Code Organization Dilemma
Wed, Nov 18, 2009 08:00 AM
So, we have been building up our code library at dealnews for 9 years. It was started at
the end of PHP3 and the beginning of PHP4. So, we did not have
autoloading, static functions, and all that jazz. Classes had lots
of overhead in early PHP4 so we started down a pure procedural road
in 2000. And for a long time, it was very maintainable. We had 2 or
3 developers for most of this time. We now have 5 or 6 depending on
whether we have contractors. There are starting to be too many
files and too many functions. We find ourselves adding new files
when some new function is created instead of adding it to an
existing file because we don't want to have huge files with 100
functions in them. File names and function names are getting longer
and more ambiguous. For example, we have a file called
url_functions.php. It contains functions to generate URLs for
different types of pages on the site, functions to fetch URLs from
the web and functions to parse URLs from an article. Those probably
don't all belong in one file. But, they got nickle and dimed in
there over time. So, now, we are inclined to not add anything to
that file and make new files for new semi-URL related functions.
Ugh.
It is time to start thinkinb about a reorganization. There are 1,900+ functions in 400+ files in our code library. This is just our library. This does not include the code that actually builds a page and generates output. It does not include our cron jobs or system administration scripts. Yeah, that is a lot. So, where do we go from here? Some things are easy to do. For example, we have a file called string.php. Most all the functions in that file can easily be moved a String class with static functions that can be accessed via an autoloader.
Then we have the various ways we deal with the articles on the web site. I have written about our front end vs. back end system before. What this means for our code base is that we have two ways to deal with an article. One is in our highly relational backend system. The other is in our optimized front end database servers. So, one Article object won't really do. We already have an Article object that serves as an ORM interface for the backend. To access the front end data, we currently have a library of functions (fetch_article for a single, fetch_articles for a set, etc.) but it does not fit with an autoloading environment. It also is not related to the object (the article) and is associated with where the data is stored. New developers don't grok the server infrastructure, so the code organization may not make sense to them. We have about 10 different objects that need both a back end and front end interface.
On the other hand, I really don't want to end up with a class named FrontEndArticle and BackEndArticle. Much less do we want to have stuff like BackEnd_Article where the file is actually in BackEnd/Article.php somewhere. The verbosity becomes overwhelming and hard to read, IMO.
So, what are others doing with huge code bases? I see lots of projects with 100 or so functions/methods in 20-30 files. Frameworks have it easy because they don't have a CEO that wants something on this one page to be different than it is on every other page where that data is used. We have to deal with those types of hacks in an elegant way that can be maintained.

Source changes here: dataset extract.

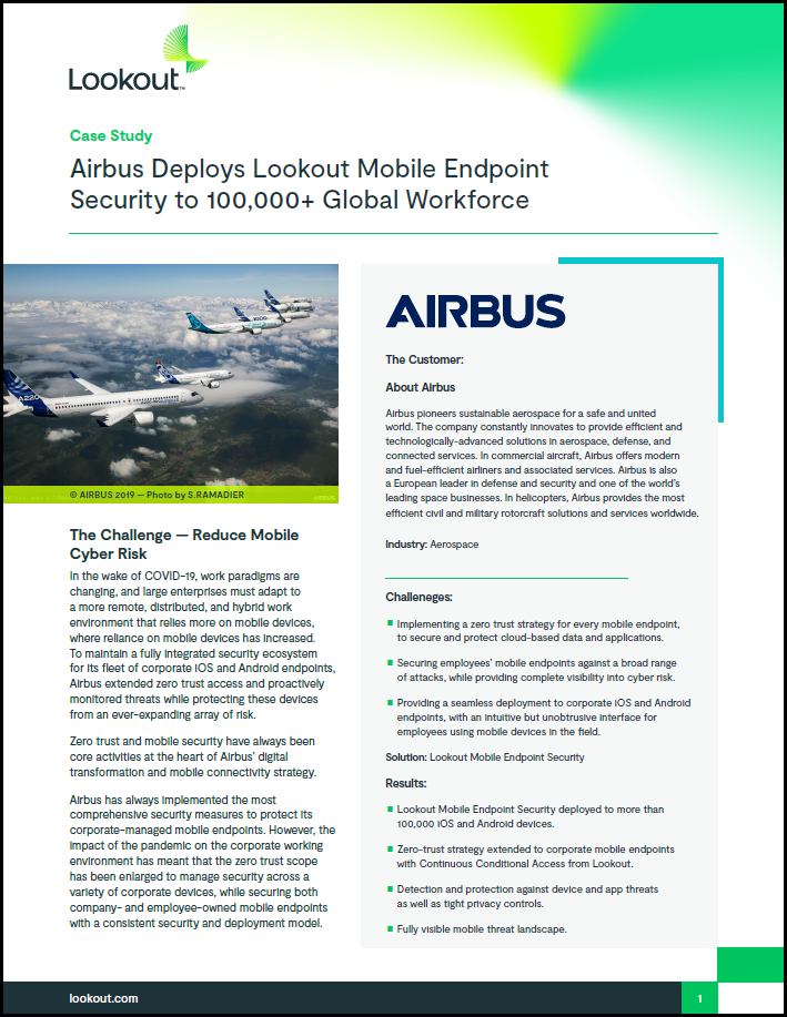 Securing a global organization that is constantly at the forefront of aerospace innovation is no small task. In order to keep over 100,000 iOS and Android devices safe from the most evasive mobile threats, Airbus turned to Lookout to help them stay ahead of the ever-changing threat landscape.

It is time to start thinkinb about a reorganization. There are 1,900+ functions in 400+ files in our code library. This is just our library. This does not include the code that actually builds a page and generates output. It does not include our cron jobs or system administration scripts. Yeah, that is a lot. So, where do we go from here? Some things are easy to do. For example, we have a file called string.php. Most all the functions in that file can easily be moved a String class with static functions that can be accessed via an autoloader.
Then we have the various ways we deal with the articles on the web site. I have written about our front end vs. back end system before. What this means for our code base is that we have two ways to deal with an article. One is in our highly relational backend system. The other is in our optimized front end database servers. So, one Article object won't really do. We already have an Article object that serves as an ORM interface for the backend. To access the front end data, we currently have a library of functions (fetch_article for a single, fetch_articles for a set, etc.) but it does not fit with an autoloading environment. It also is not related to the object (the article) and is associated with where the data is stored. New developers don't grok the server infrastructure, so the code organization may not make sense to them. We have about 10 different objects that need both a back end and front end interface.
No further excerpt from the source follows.